Task description: In the entries below, find the line with "Door het gebruik" and transcribe it and every line after it exactly, through the last line, without pictures.

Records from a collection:
────────────────────────────────────────
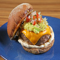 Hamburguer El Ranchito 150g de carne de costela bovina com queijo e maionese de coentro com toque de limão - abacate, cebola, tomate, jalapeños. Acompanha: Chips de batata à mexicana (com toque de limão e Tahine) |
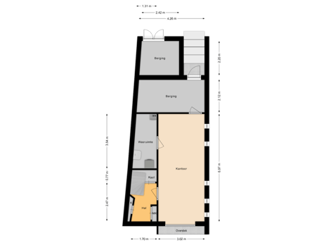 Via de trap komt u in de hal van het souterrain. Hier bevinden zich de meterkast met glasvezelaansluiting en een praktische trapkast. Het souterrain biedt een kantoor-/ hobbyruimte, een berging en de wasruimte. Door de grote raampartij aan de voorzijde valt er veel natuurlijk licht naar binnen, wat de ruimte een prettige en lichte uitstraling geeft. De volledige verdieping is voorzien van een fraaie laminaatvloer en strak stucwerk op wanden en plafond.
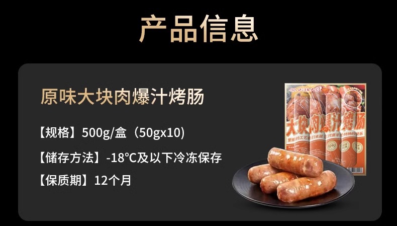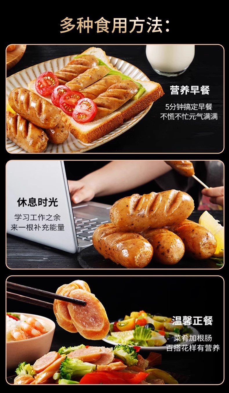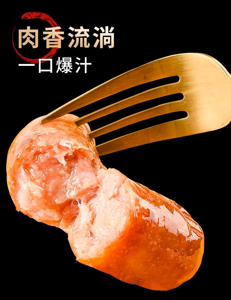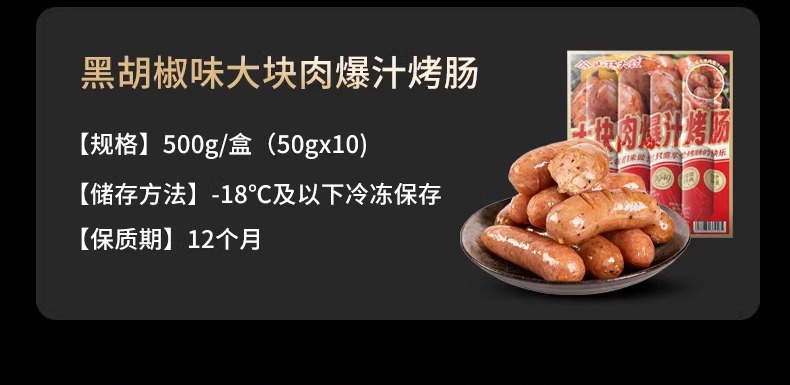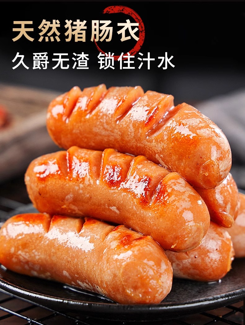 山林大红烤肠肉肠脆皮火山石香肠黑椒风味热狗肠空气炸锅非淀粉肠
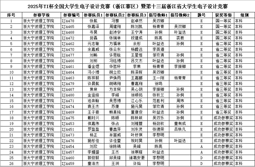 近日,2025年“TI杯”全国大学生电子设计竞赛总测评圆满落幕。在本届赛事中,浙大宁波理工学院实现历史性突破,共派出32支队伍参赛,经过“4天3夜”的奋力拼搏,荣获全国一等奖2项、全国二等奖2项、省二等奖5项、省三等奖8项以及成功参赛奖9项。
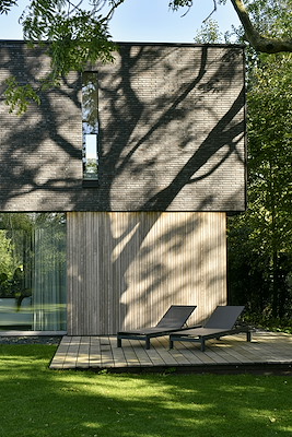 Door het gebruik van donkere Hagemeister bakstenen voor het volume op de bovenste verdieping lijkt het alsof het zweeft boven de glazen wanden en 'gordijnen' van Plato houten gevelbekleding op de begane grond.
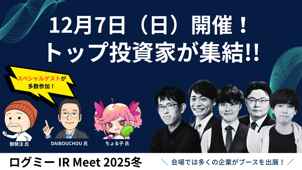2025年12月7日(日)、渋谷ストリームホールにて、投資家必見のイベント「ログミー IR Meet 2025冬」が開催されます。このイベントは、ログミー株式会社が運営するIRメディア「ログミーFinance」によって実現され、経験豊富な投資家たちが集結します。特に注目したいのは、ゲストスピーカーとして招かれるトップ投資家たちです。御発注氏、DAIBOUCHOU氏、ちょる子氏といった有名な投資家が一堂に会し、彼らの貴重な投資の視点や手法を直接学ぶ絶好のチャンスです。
────────────────────────────────────────
Your response:
 Door het gebruik van donkere Hagemeister bakstenen voor het volume op de bovenste verdieping lijkt het alsof het zweeft boven de glazen wanden en 'gordijnen' van Plato houten gevelbekleding op de begane grond.
2025年12月7日(日)、渋谷ストリームホールにて、投資家必見のイベント「ログミー IR Meet 2025冬」が開催されます。このイベントは、ログミー株式会社が運営するIRメディア「ログミーFinance」によって実現され、経験豊富な投資家たちが集結します。特に注目したいのは、ゲストスピーカーとして招かれるトップ投資家たちです。御発注氏、DAIBOUCHOU氏、ちょる子氏といった有名な投資家が一堂に会し、彼らの貴重な投資の視点や手法を直接学ぶ絶好のチャンスです。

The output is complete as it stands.